Italogermania

Not sure why — perhaps because I am a deracinated cosmopolitan — but I found this notion of Dani Rodrik’s intriguing:

If the Eurozone was a country rather than a loose grouping of countries, workers would be migrating en masse from Italy to Germany.

This led me to think about Klaus Wowereit’s line about Berlin being poor but sexy, and the general population collapse in eastern Germany. What if a horde of Italians flooded booming Munich, and then headed north to cheap accommodations in Berlin and lesser eastern cities? Enterprising Somalis and Bengalis and Senegalese would soon follow. I realize that this wouldn’t be terribly appealing to the neofascists and even to some of my fellow cultural conservatives, even if new arrivals were exempt from cradle-to-grave welfare protections and they brought intact families in tow.

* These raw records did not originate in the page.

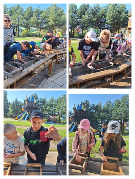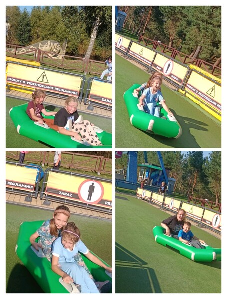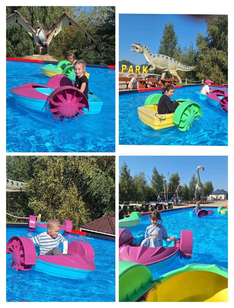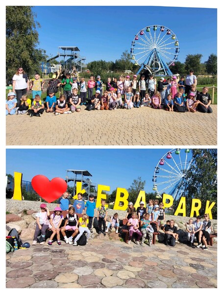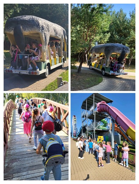 19 września br. uczniowie klasy 2B i 2C z wychowawczyniami udali się na wycieczkę do Rodzinnego Parku Rozrywki – Łeba Park. W programie wycieczki znalazło się mnóstwo zabaw i atrakcji. Uczniowie przeszli zamek strachu, labirynt luster, przejechali się Diabelskim Młynem, jeździli rowerkami wodnymi oraz poszukiwali złota. Na ścieżce przyrodniczej oglądali eksponaty dinozaurów, których rozmiary w naturalnym otoczeniu robiły ogromne wrażenie. Najwięcej radości dostarczyła uczniom pontonowa zjeżdżalnia wodna! Na koniec pobytu w Parku Rozrywki przyszedł czas na integracyjne zabawy na ogromnym placu zabaw i zakup pamiątek.
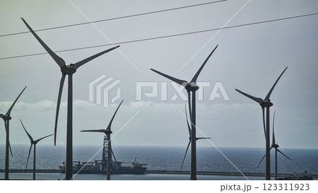 Offshore wind turbine farm in the sea, ocean
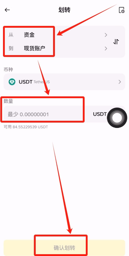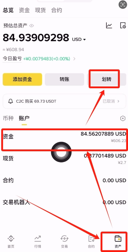 9、我们买好的USDT都在资金账户里面,我们点击右下角的【资产】,你可以看到我们的资金是在资金账户里的,我们需要进行划转。
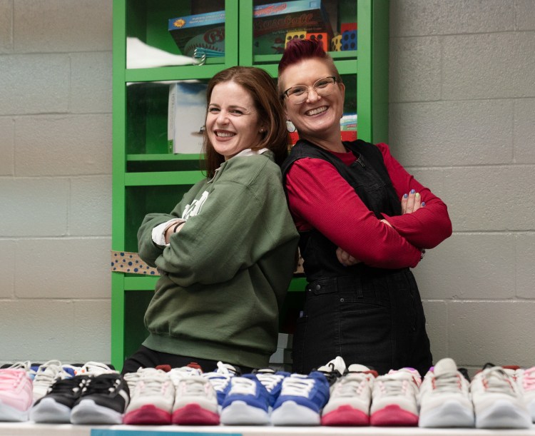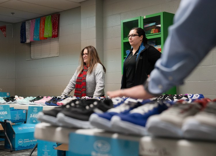 Lisa Pierson (left) and Charlotte Blackwell (right) preper to hand out shoes at a collaborative event between Subaru Waltrip, Operation Warm, Graceworks and Franktown Open Hearts to give shoes to local children in need on Tuesday, Jan. 14, 2025.
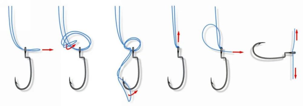 - Крючок привязывают в 30-70 см от груза. Расстояние зависит от того, на каком уровне ото дна должна идти приманка. Крепление крючка в большинстве случаев производится узлом «Паломар». Этот тип крепления способствует перпендикулярному расположению приманки по отношению к леске.
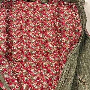 ~~EDDIE BAUER Corduroy Quilted Green Vest Women's XL Zip Pockets Floral Lined
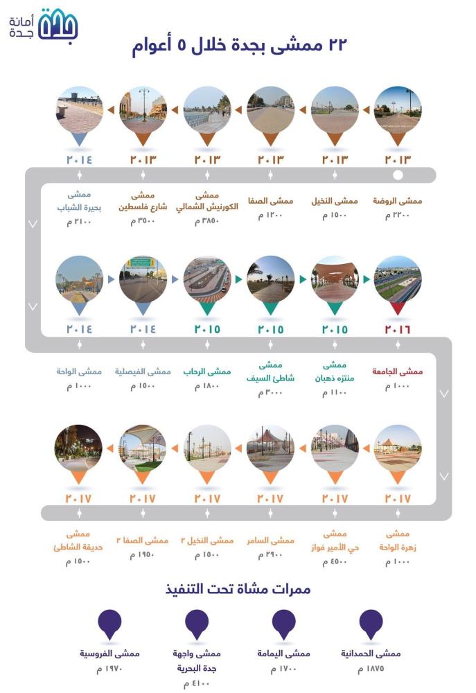 أعلنت أمانة محافظة جدة عن تنفيذها (18) ممشى في محافظة جدة، تتخطى أطوالها 50 ألف متر، وموزعة على نطاق 14 بلدية فرعية، وتم تجهيزها وفق أحدث المشاريع الرياضية وزودت بالخدمات اللازمة والتي كان آخرها ممشى حديقة الشاطئ بطول 1500م.
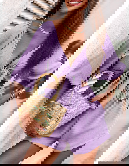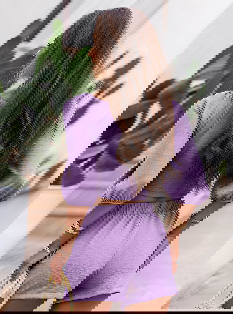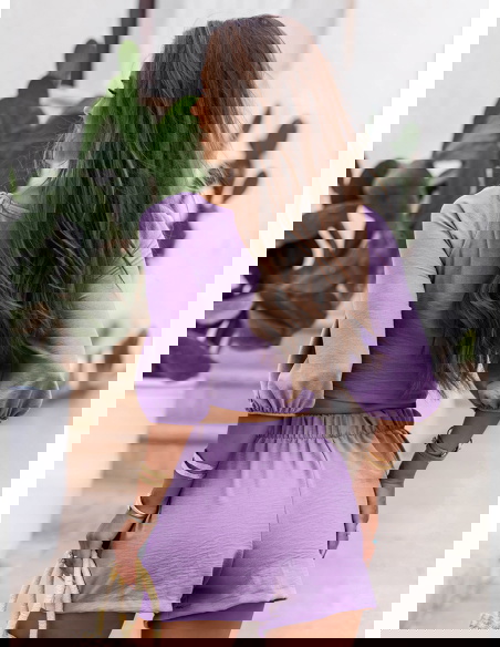 Liliowy komplet top z bufiastymi rękawami i spodenki Erlis
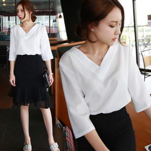 [에이치플러스몰]데이트 정장블라우스 셔츠 가을 여성셔츠 빅사이즈
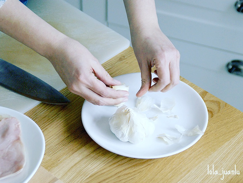 Comenzamos haciendo el relleno de los canelones, para ello, pelamos y picamos los ajos.
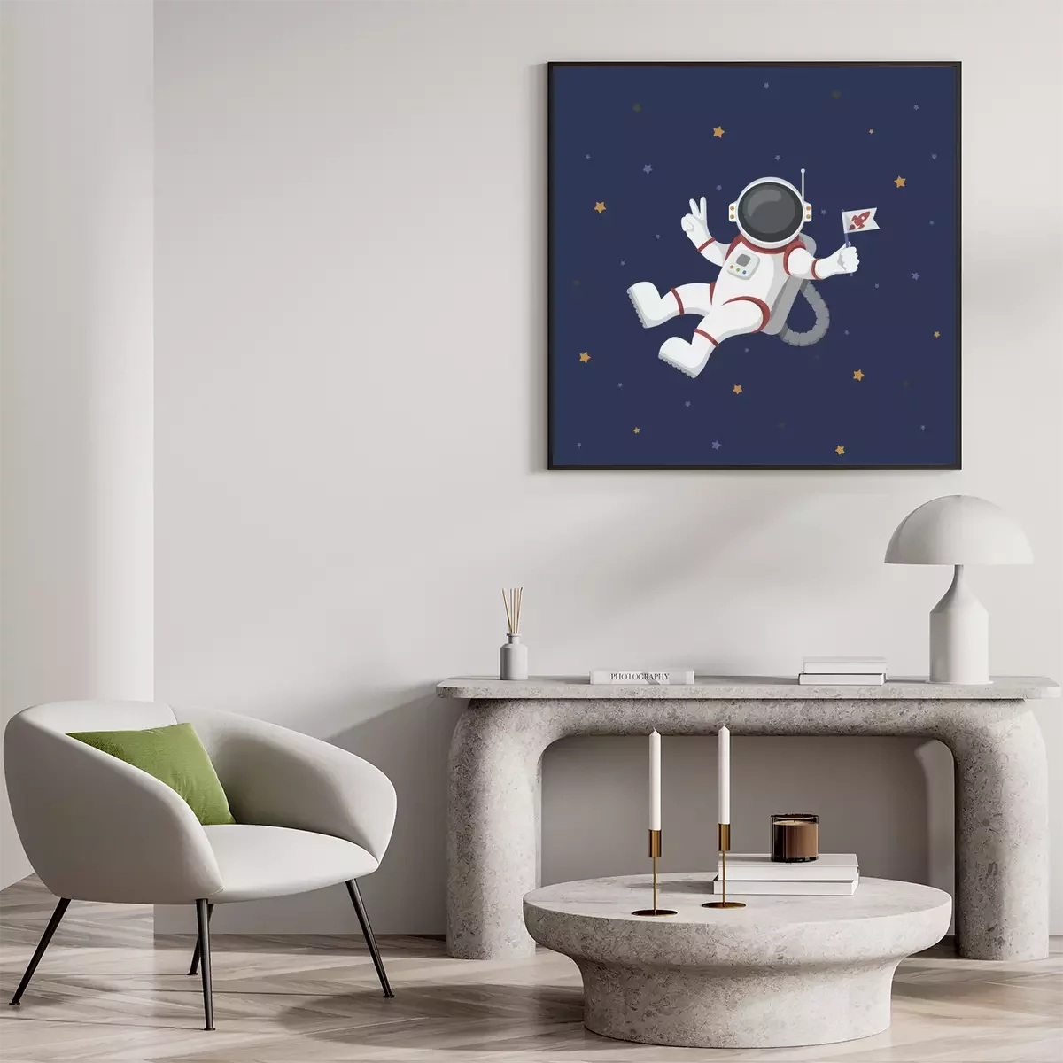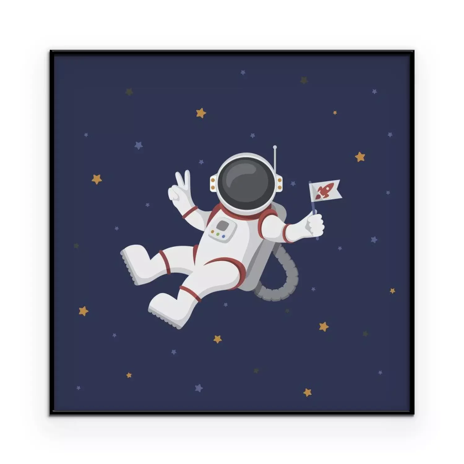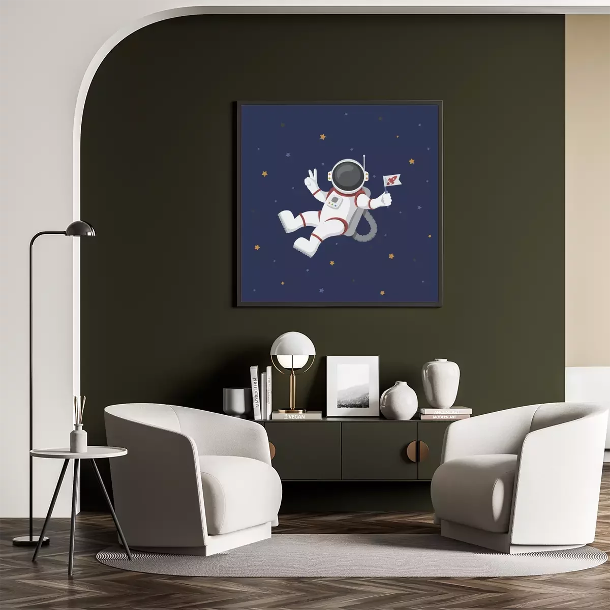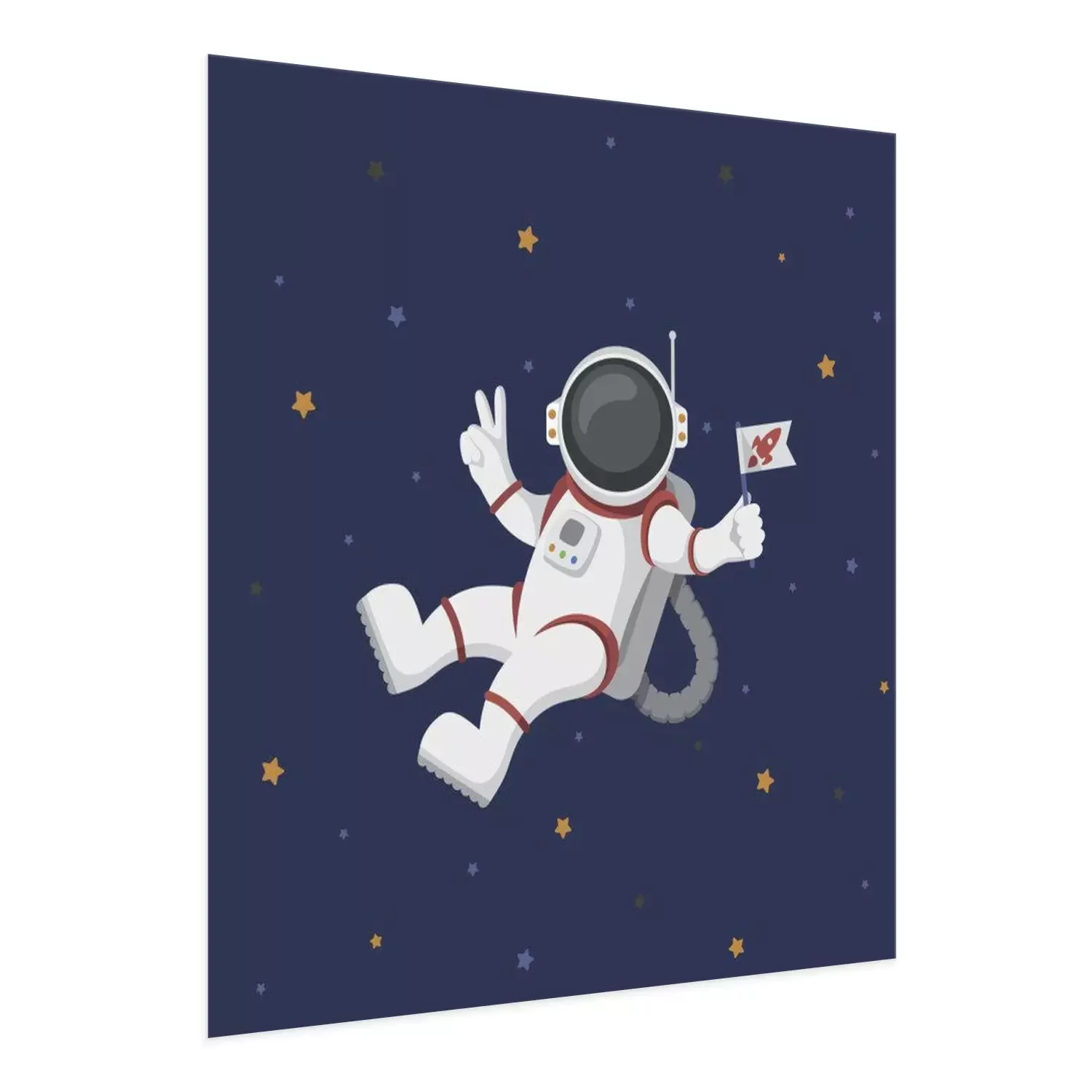 Poster: Grappige vliegende astronaut in de ruimte met rond sterren

But surely Germany’s dying cities would be far better off. Some on the German right have called for “Kinder statt Inder,” i.e., children and not Indians, but Kinder aren’t always on offer, even if you accept that they are the superior alternative, which is not always obvious (though I have my pro-natalist sympathies). Economic power is shifting away from parts of Germany and Italy; surely they can shift population around in such a way as to make the best of what they have, and perhaps revive moribund cultures in the process.

Of course, it could be that I want Europe to become a continent-wide melting-pot because this is the highest expression of my American chauvinism, so Europeans should be wary.